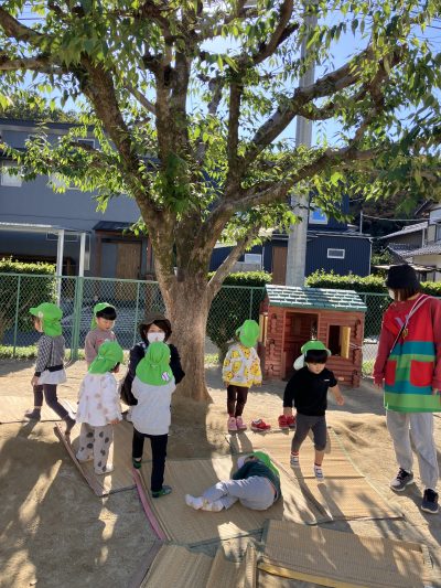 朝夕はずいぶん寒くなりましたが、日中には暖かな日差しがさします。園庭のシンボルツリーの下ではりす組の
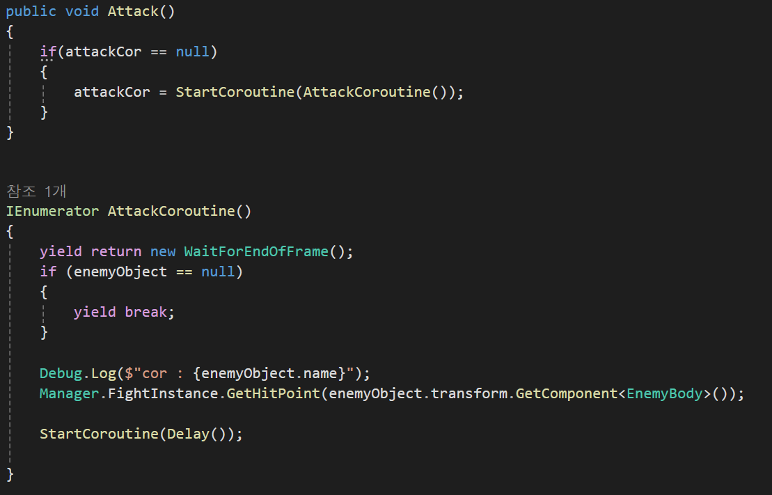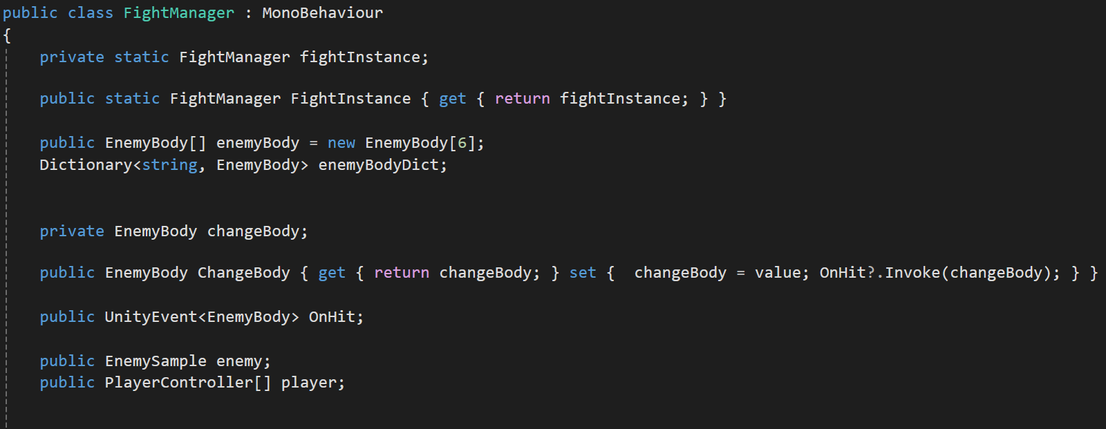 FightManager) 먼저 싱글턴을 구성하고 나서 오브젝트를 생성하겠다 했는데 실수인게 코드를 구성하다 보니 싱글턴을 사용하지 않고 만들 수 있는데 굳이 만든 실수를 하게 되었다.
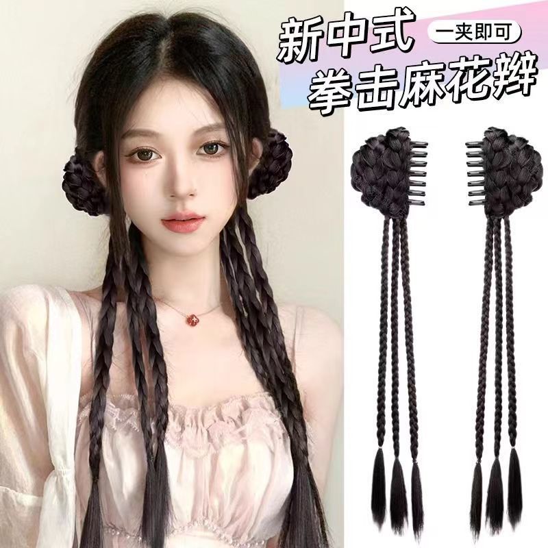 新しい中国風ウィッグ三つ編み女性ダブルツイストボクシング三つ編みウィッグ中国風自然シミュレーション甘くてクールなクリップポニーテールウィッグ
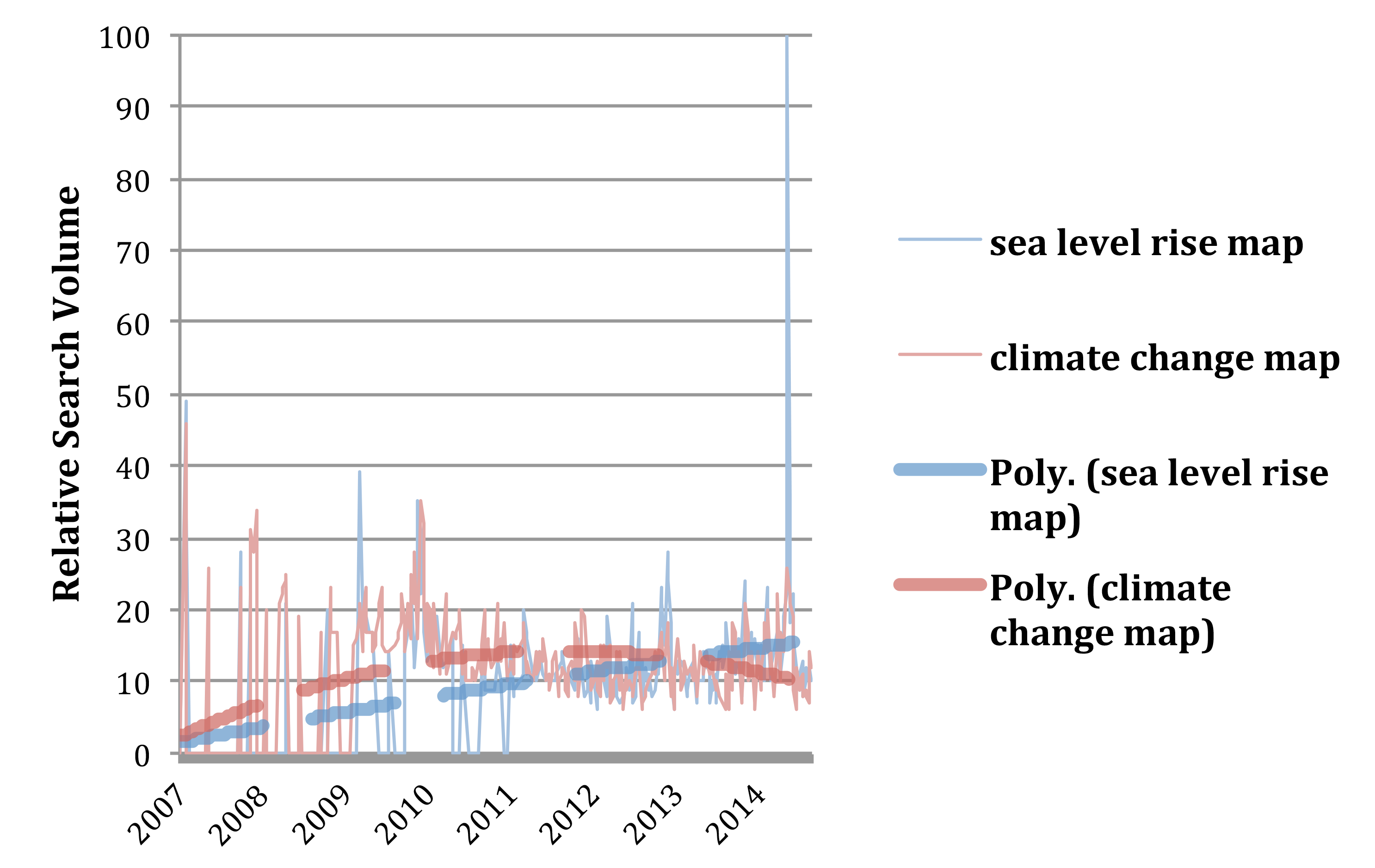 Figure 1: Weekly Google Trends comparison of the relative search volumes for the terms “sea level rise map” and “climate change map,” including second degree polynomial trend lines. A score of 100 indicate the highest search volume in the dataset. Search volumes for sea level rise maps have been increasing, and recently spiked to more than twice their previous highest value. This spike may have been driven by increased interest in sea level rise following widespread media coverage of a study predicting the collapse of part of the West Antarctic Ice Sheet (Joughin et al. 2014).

What you are asked to do:
Starting at the first line of the material, output exactly the lines up to and including the one with "新しい中国風ウィッグ三つ編み". Do not include the pictures.

Response to the exercise:
 朝夕はずいぶん寒くなりましたが、日中には暖かな日差しがさします。園庭のシンボルツリーの下ではりす組の
 FightManager) 먼저 싱글턴을 구성하고 나서 오브젝트를 생성하겠다 했는데 실수인게 코드를 구성하다 보니 싱글턴을 사용하지 않고 만들 수 있는데 굳이 만든 실수를 하게 되었다.
 新しい中国風ウィッグ三つ編み女性ダブルツイストボクシング三つ編みウィッグ中国風自然シミュレーション甘くてクールなクリップポニーテールウィッグ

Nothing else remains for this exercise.